▸ **GIVEN MATERIAL**
-*-*-

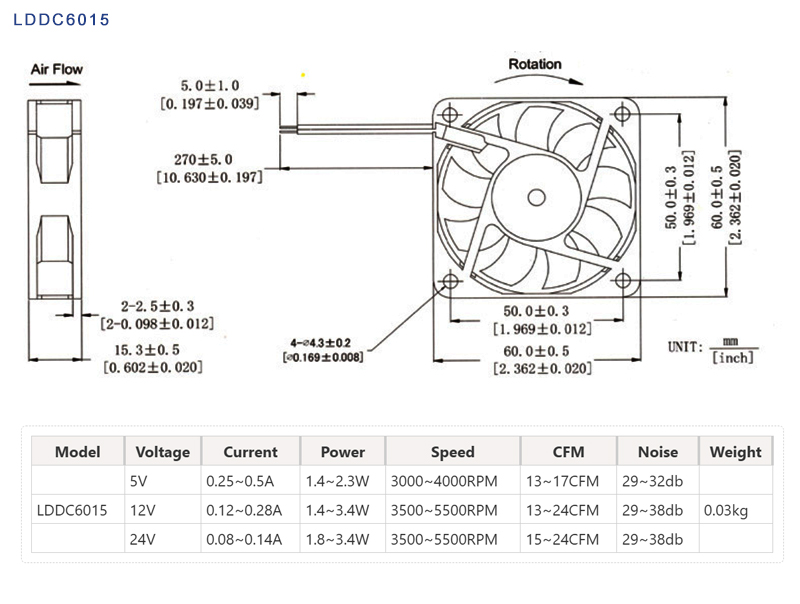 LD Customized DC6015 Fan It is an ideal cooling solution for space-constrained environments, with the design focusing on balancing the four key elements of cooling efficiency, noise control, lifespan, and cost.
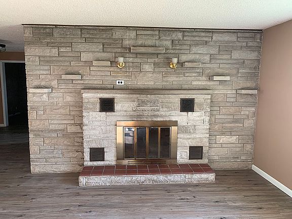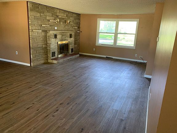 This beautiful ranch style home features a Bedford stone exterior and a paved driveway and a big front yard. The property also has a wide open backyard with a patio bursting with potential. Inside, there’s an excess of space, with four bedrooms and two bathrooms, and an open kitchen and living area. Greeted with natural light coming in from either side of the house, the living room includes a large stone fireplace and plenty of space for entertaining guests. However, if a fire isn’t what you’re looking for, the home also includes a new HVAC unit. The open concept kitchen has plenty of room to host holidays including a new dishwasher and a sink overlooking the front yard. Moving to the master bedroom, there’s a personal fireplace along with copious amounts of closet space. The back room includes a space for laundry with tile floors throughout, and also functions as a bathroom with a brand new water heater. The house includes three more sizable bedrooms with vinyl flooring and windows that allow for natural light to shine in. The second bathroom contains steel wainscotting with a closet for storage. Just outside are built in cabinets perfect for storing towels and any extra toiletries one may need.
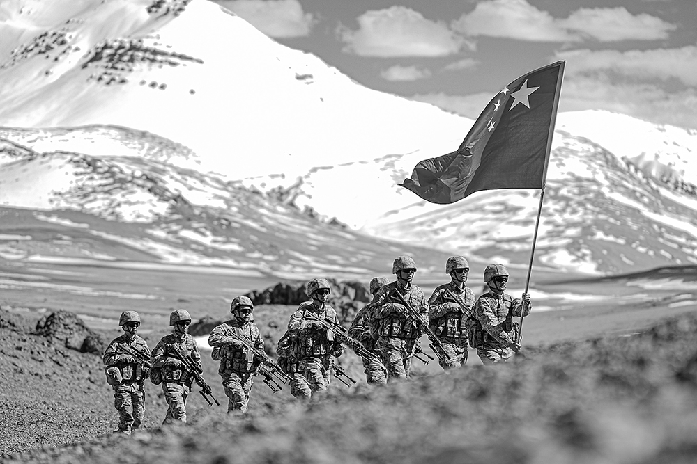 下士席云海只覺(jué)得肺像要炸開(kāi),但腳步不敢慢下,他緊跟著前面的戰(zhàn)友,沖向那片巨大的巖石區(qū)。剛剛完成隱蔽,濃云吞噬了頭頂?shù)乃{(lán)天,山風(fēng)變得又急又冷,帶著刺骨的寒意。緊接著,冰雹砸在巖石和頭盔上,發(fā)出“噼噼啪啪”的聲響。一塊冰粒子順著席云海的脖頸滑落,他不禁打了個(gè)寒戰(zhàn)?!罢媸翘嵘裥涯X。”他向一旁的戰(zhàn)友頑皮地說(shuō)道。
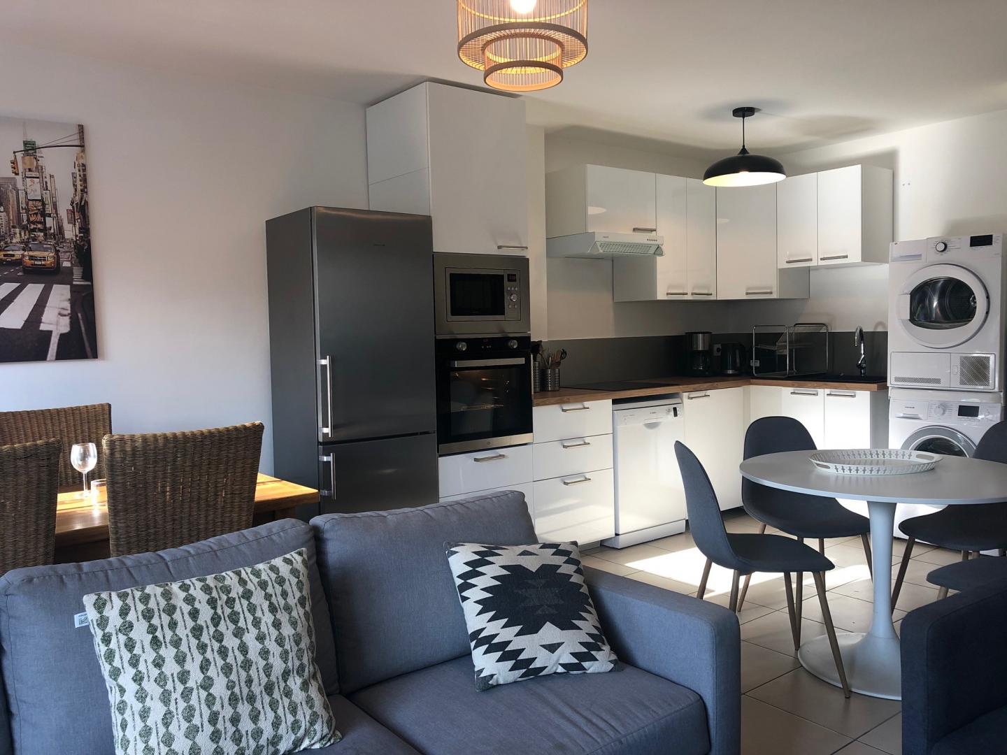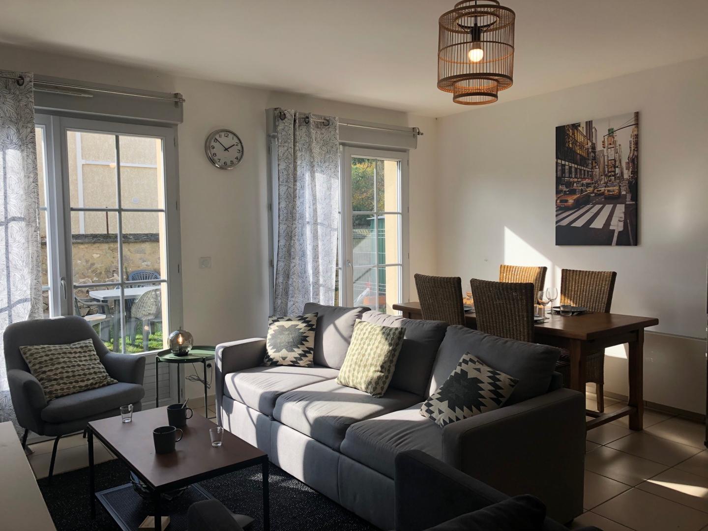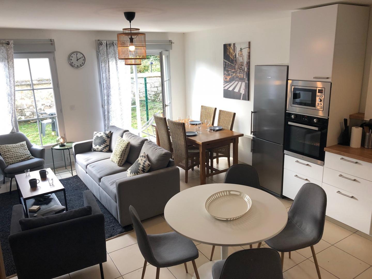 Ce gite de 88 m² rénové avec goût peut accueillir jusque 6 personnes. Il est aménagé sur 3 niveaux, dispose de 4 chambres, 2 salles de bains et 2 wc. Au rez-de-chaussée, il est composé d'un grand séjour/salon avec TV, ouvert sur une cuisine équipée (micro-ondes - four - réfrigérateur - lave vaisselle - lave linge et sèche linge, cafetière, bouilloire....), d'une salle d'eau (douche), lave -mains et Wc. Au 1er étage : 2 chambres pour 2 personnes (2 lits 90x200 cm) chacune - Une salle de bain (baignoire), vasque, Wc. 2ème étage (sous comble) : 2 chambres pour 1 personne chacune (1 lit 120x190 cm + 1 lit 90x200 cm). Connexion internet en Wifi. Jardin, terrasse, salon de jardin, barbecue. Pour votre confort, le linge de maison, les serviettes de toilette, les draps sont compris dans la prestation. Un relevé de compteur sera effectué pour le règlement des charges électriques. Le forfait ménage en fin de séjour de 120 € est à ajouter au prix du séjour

-*-*-

▸ **TASK INSTRUCTIONS**
Word for word, repeat the data above with the pictures left out.

▸ **FINAL ANSWER**
 LD Customized DC6015 Fan It is an ideal cooling solution for space-constrained environments, with the design focusing on balancing the four key elements of cooling efficiency, noise control, lifespan, and cost.
 This beautiful ranch style home features a Bedford stone exterior and a paved driveway and a big front yard. The property also has a wide open backyard with a patio bursting with potential. Inside, there’s an excess of space, with four bedrooms and two bathrooms, and an open kitchen and living area. Greeted with natural light coming in from either side of the house, the living room includes a large stone fireplace and plenty of space for entertaining guests. However, if a fire isn’t what you’re looking for, the home also includes a new HVAC unit. The open concept kitchen has plenty of room to host holidays including a new dishwasher and a sink overlooking the front yard. Moving to the master bedroom, there’s a personal fireplace along with copious amounts of closet space. The back room includes a space for laundry with tile floors throughout, and also functions as a bathroom with a brand new water heater. The house includes three more sizable bedrooms with vinyl flooring and windows that allow for natural light to shine in. The second bathroom contains steel wainscotting with a closet for storage. Just outside are built in cabinets perfect for storing towels and any extra toiletries one may need.
 下士席云海只覺(jué)得肺像要炸開(kāi),但腳步不敢慢下,他緊跟著前面的戰(zhàn)友,沖向那片巨大的巖石區(qū)。剛剛完成隱蔽,濃云吞噬了頭頂?shù)乃{(lán)天,山風(fēng)變得又急又冷,帶著刺骨的寒意。緊接著,冰雹砸在巖石和頭盔上,發(fā)出“噼噼啪啪”的聲響。一塊冰粒子順著席云海的脖頸滑落,他不禁打了個(gè)寒戰(zhàn)?!罢媸翘嵘裥涯X。”他向一旁的戰(zhàn)友頑皮地說(shuō)道。
 Ce gite de 88 m² rénové avec goût peut accueillir jusque 6 personnes. Il est aménagé sur 3 niveaux, dispose de 4 chambres, 2 salles de bains et 2 wc. Au rez-de-chaussée, il est composé d'un grand séjour/salon avec TV, ouvert sur une cuisine équipée (micro-ondes - four - réfrigérateur - lave vaisselle - lave linge et sèche linge, cafetière, bouilloire....), d'une salle d'eau (douche), lave -mains et Wc. Au 1er étage : 2 chambres pour 2 personnes (2 lits 90x200 cm) chacune - Une salle de bain (baignoire), vasque, Wc. 2ème étage (sous comble) : 2 chambres pour 1 personne chacune (1 lit 120x190 cm + 1 lit 90x200 cm). Connexion internet en Wifi. Jardin, terrasse, salon de jardin, barbecue. Pour votre confort, le linge de maison, les serviettes de toilette, les draps sont compris dans la prestation. Un relevé de compteur sera effectué pour le règlement des charges électriques. Le forfait ménage en fin de séjour de 120 € est à ajouter au prix du séjour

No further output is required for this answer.